The one who is in the family public eye. They draw attention away from the family’s primary problem of addiction by creating other matters of concern. He has already learned in this family that one is not rewarded for who one is but rather for how one performs. This person doesn’t want to work as hard as the hero just to prove himself worthy, so decides to pull away from the family and look for good feelings of belonging elsewhere. This may be through delinquency or other misbehavior. It may be terrible grades at school or acts of hostility. The scapegoat may feel trapped or ignored at home. The negative behavior may be his/her way of calling out for help. Because of the repressed anger in feeling the need for this withdrawal, the scapegoat often gets much attention for the destructive ways in which this withdrawal takes place. The role of the scapegoat is to provide distraction and focus to the system. The scapegoat or rebel/black sheep draws attention away from the addict and chemical dependency as the primary by becoming the identified patient. Becomes delinquent, misbehaves, bad grades, opposition defiant, feels trapped or ignored. Behavior may be a call for help. “I don’t need to listen to that phony principle.

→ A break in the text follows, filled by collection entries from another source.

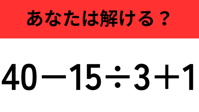 算数クイズ 【計算の順序に注意】「40−15÷3+1」正しく計算できる? 2025年12月22日 flower https://do-gen.jp/entertainment/wp-content/uploads/2025/05/logo.png エンタメDO-GEN
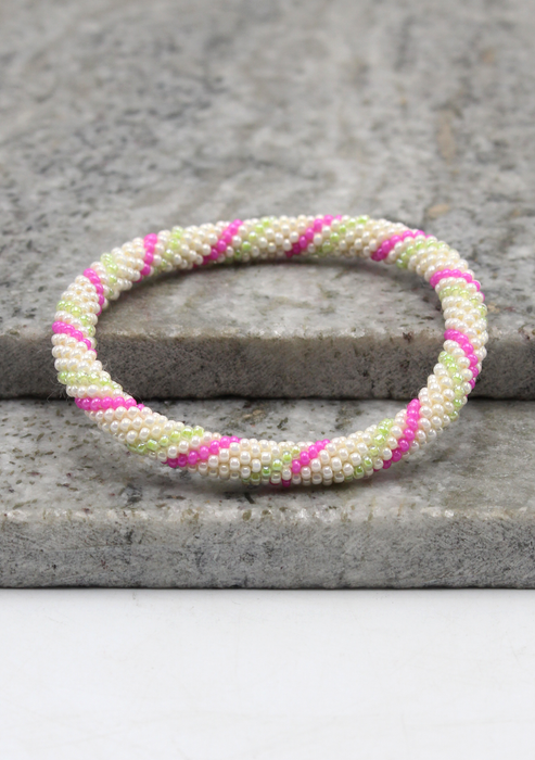 Pink Green Beads Nepalese Roll On Bracelet has been meticulously crocheted by our women artists. Our women artists have carefully hand-strung this fairly traded Roll On bracelet.
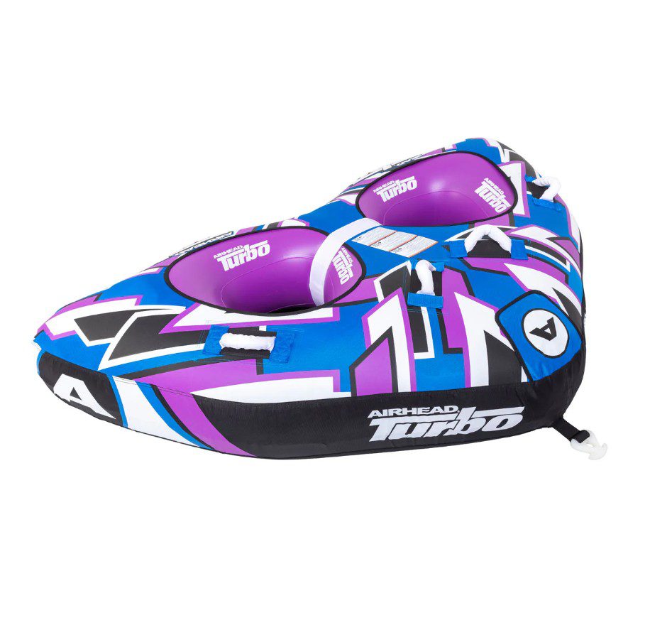 Si buscas un flotador diseñado para la velocidad, no busques más: el Airhead Turbo Blast 2 es la solución. Este flotador remolcable para dos personas presenta una forma aerodinámica que corta la ola mientras los usuarios se relajan y disfrutan del paseo.
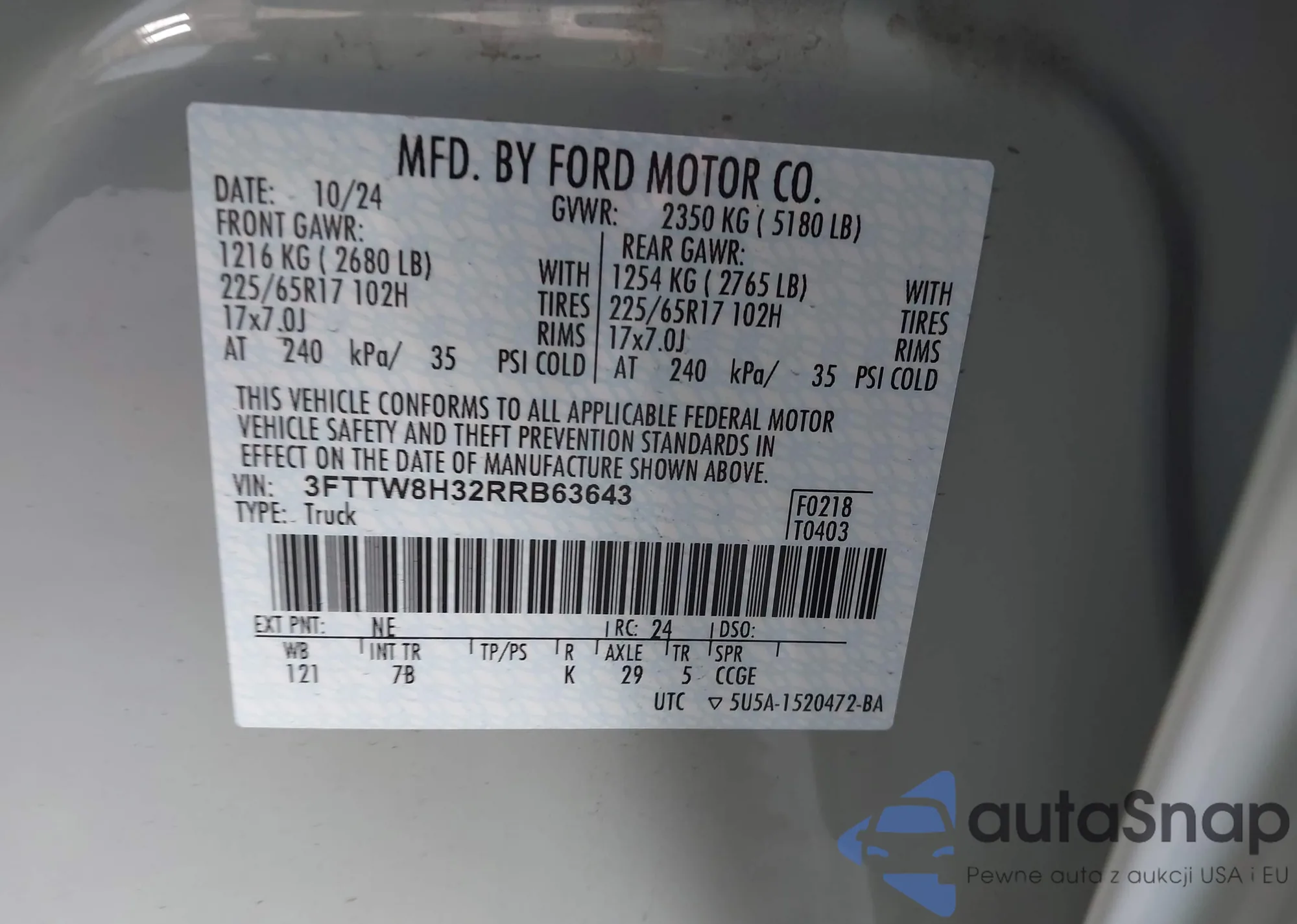 • VIN: 3FTTW8H32RRB63643
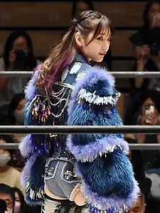 She is known for working into various of the promotion's signature events. One of them is DDT Peter Pan, making her first appearance at Ryōgoku Peter Pan 2018 from October 21 where she teamed up with Mina Shirakawa and Miyu Yamashita in a losing effort against Yuka Sakazaki, Mizuki and Shoko Nakajima as a result of a six-woman tag team match.[10] One year later at Wrestle Peter Pan 2019 on July 15, she participated in a Rumble rules match for the Ironman Heavymetalweight Championship won by Yukio Sakaguchi and also involving Hiroshi Yamato, Shiro Koshinaka, Joey Ryan, Gorgeous Matsuno and others.[11]
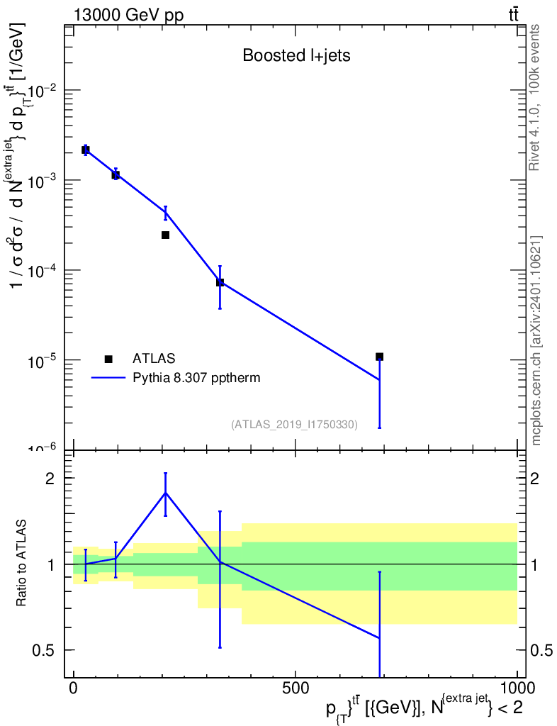 Lines: data, pythia8 8.307 pptherm |
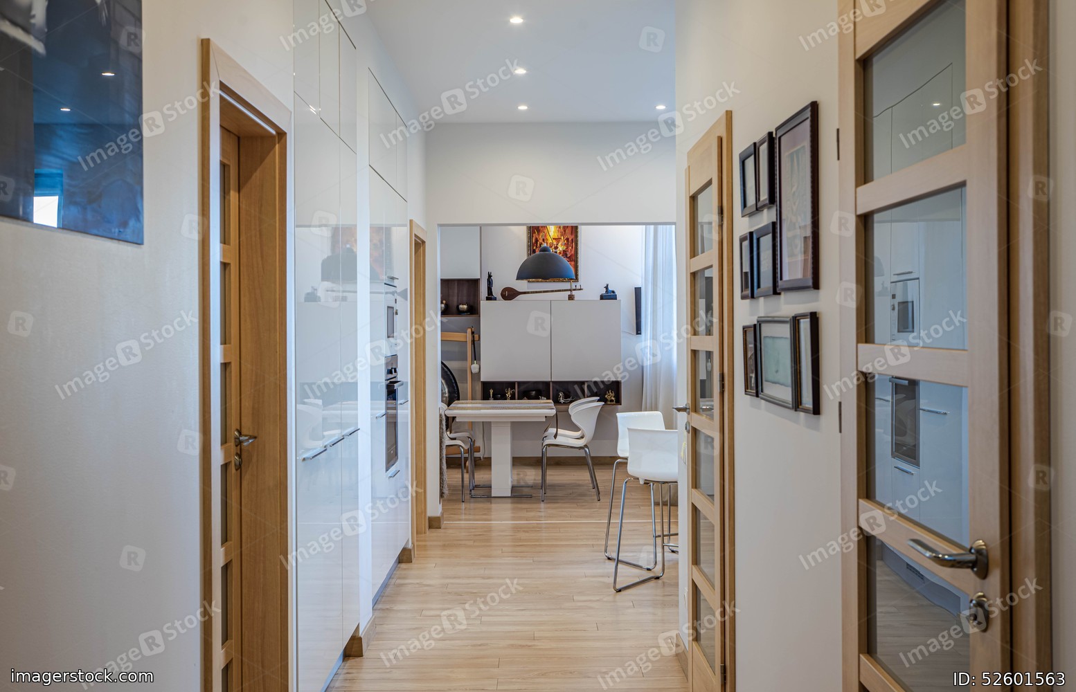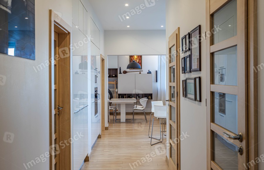 Contemporary interior of luxury apartment. Living room with table and chairs. White walls. Wooden doors.
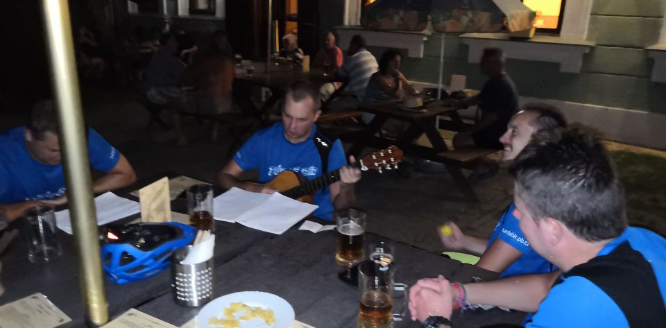 Schyluje se ale k večeru, takže je potřeba zvednout kotvy a popojet o kus dál. Po dalších nekonečných 5ti kilometrech dorážíme v lehce ovíněném stavu do Šatova, kde se rozprcháváme a poohlížíme se po nějakém tom plácku na přespání. Sraz máme v místní hospodě. Volba na spaní padla na místo vybrané Petrem H. a my si po celodenní námaze můžeme konečně na předzahrádce hospody odfrknout. Dáváme večeři, něco málo, no dobře, hodně piv, a Milan hrábne do strun doprovázen vitím nejen naším, ale také několika místních přísedících a známých ze sklípku, kteří tu shodou okolností bydlí v penzionu. Naše produkce je sice velmi kvalitní a jedinečná, ale je také poněkud hlučná, tak jsme po zavíračce požádáni hospodským o její ukončení, protože mu prý někteří sousedi potom dělají problémy. To chápeme, necháme si natočit pár PETek, protože noc je ještě mladá a vyrážíme se zbytkem Ostraváků na doporučení hospodského na místní fotbalový plácek, kde dopíjíme, co máme. Únava ale začíná působit, tak se postupně trousíme a bloudíme k místu našeho dnešního spočinutí, kde padneme za vlast a nabíráme síly do dalšího parného dne.

He has been on my case from the start of the year.”
The lost child is one who has learned not to make close connections in the family. The lost child appears to be ignoring the entire problem. All hell can be breaking loose at home and the lost child stays secluded from the drama. The lost child isolates and behaves apathetically. Spends much time being alone or quietly busy. It’s the safest role and likely not to cause trouble for self or others. They are just there. They suffer pain and loneliness. The role of the lost child is to offer relief. This is one child the family doesn’t have to worry about. The lost child/adjuster appears to ignore the entire problem. Stays isolated or secluded from the family drama and crisis. He cares but protects himself by staying away or flying under the radar. He spends a lot of time in his room or away. “If I’m real quiet, everything will go away.”
The mascot attempts to use humor to shield themselves and others from the pain of the disease. A quick joke or a humorous facial expression is meant to divert attention from the serious consequences of addictive behavior. “Dad wasn’t really drunk; he always walks into walls after mom drives him home.”